For each sample, prepare a graph of absorbance vs. wavelength, with wavelength (400-700 nm) on the x-axis and absorbance on the y axis. If desired, you may plot all four of these curves on the same graph.
For each sample, determine absorbance at λmax.
Calculating Extent of Photobleaching (student protocol)
Using the equation for your prepared standard curve, use absorbance at λmax to determine the concentration (as a %) of each of your samples: natural light positive, natural light negative, artifical light positive, artificial light negative.
Take the difference in determined concentration for positive (light-exposed) and negative control (foil-wrapped) samples to determine degree of photobleaching by natural light and artificial light. Degree of Photobleaching (%) = Negative Control Concentration (%) – Positive Concentration (%)
Have students complete the below assessment tasks and questions in their lab groups.
Discuss the assessment questions as a class. Compare results between different lab groups and different types of tea.
Review these background slides on resonance energy and color. Why do the compounds in tea (and Arctic streams) exhibit color? In your answer, you will need to reference resonance, molecular orbitals, and the HOMO-LUMO gap.
Review this background information on Beer’s Law. How does your prepared standard curve comparing concentration and absorbance illustrate this law?
What are the main differences between natural light (from the sun) and artifical light (from a full spectrum grow bulb)? How are these differences reflected in your data? Cite specific data in your response.
Watch this video, featuring scientist Jason Dobkowski (University of Michigan) conducting similar experimentation on the roof of the dry lab at Toolik Field Station. Explain the relevance of the photoxidation and photobleaching of tea to the photoxidation and photobleaching of dissolved organic carbon in Arctic streams.
Watch this video on permafrost. Explain the relevance of photoxidation and photobleaching to the permafrost positive feedback loop and climate change in the Arctic.
This lesson could be extended by having student groups experiment with solutions other than tea (e.g. soft drinks, coffee, juice). Students could also prepare their own version of “permafrost tea” by using water to extract organics from a sample of soil or vegetation and subsequently conduct photoexposure experimentation. Students could also experiment with different lengths of photoexposure.

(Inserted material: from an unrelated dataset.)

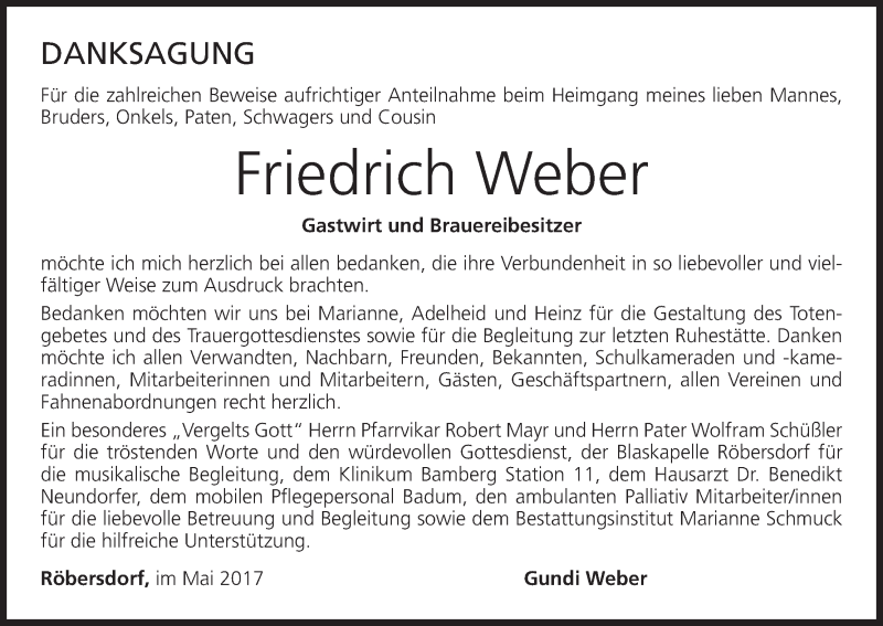 Hier finden Sie alle Traueranzeigen aus der Zeitung, die bisher für Friedrich Weber erschienen sind. Weitere Traueranzeigen, die in der Zeitung erscheinen, werden hier ebenfalls aufgelistet
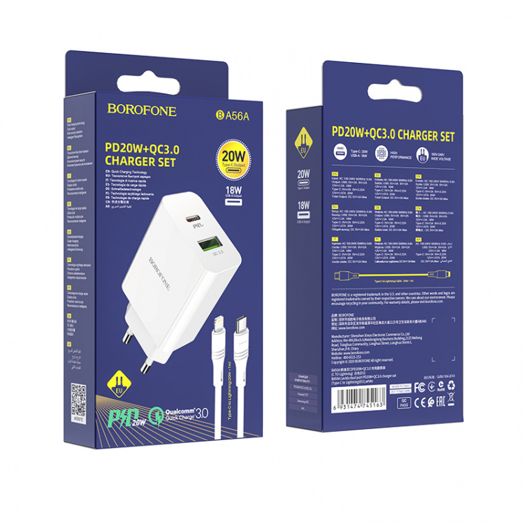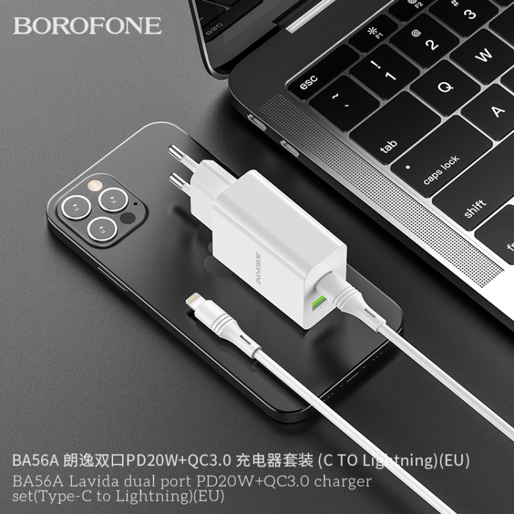 BOROFONE BA56A ЗУ с USB/PD + кабель IOS Lighting (QC3.0+PD20W,3000mA)

As written, this lab works best in a classroom laboratory environment. For informal educators, it is recommended that students collect different types of vegetation and/or soil to use for the solid-liquid extraction (tea brewing). This makes the lab much more place-based, leading to the following adapted assessment questions:
How did λmax change based on vegetation and/or soil type? Attempt to explain these differences.
Which types of vegetative and/or soil tea exhibited the greatest degree of photobleaching? Attempt to explain these differences.

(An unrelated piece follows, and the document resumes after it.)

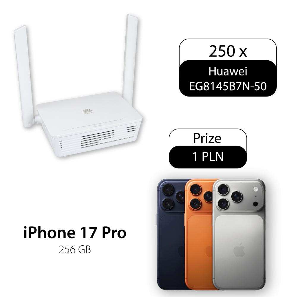 Kupując poniższy zestaw płacisz za 250 sztuk terminali klienckich EG8145B7N-50 i otrzymujesz nagrodę (iPhone 17 Pro 256GB, kolor losowy), która zostanie zafakturowana za 1 zł netto!

Cory, R. M., et al. “Sunlight Controls Water Column Processing of Carbon in Arctic Fresh Waters.” Science, vol. 345, no. 6199, 2014, pp. 925–928.

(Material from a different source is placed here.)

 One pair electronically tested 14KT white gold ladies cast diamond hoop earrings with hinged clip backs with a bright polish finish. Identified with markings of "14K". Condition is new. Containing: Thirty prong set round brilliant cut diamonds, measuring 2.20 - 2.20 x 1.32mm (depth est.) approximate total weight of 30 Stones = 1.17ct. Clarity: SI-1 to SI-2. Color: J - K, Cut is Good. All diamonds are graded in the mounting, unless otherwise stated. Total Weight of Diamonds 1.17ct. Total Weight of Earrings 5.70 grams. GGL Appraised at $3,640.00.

Kaplan, L.A., and R.M. Cory. “Dissolved Organic Matter in Stream Ecosystems: Forms, Functions, and Fluxes of Watershed Tea.” Stream Ecosystems in a Changing Environment, 1st ed., Academic Press, 2016, pp. 241–320.
Taterka, Bruce and Rose Cory. “Thawing Permafrost Lessons and Lab Manual: A Multi-Lesson Resource.” PolarTREC, 20 Sept. 2015, www.polartrec.com/resources/lesson/thawing-permafrost-lessons-and-lab-manual-a-multi-lesson-resource.
Ward, Collin P., and Rose M. Cory. “Chemical Composition of Dissolved Organic Matter Draining Permafrost Soils.” Geochimica Et Cosmochimica Acta, vol. 167, 2015, pp. 63–79.
Ward, Collin P., et al. “Photochemical Alteration of Organic Carbon Draining Permafrost Soils Shifts Microbial Metabolic Pathways and Stimulates Respiration.” Nature Communications, vol. 8, no. 1, 2017.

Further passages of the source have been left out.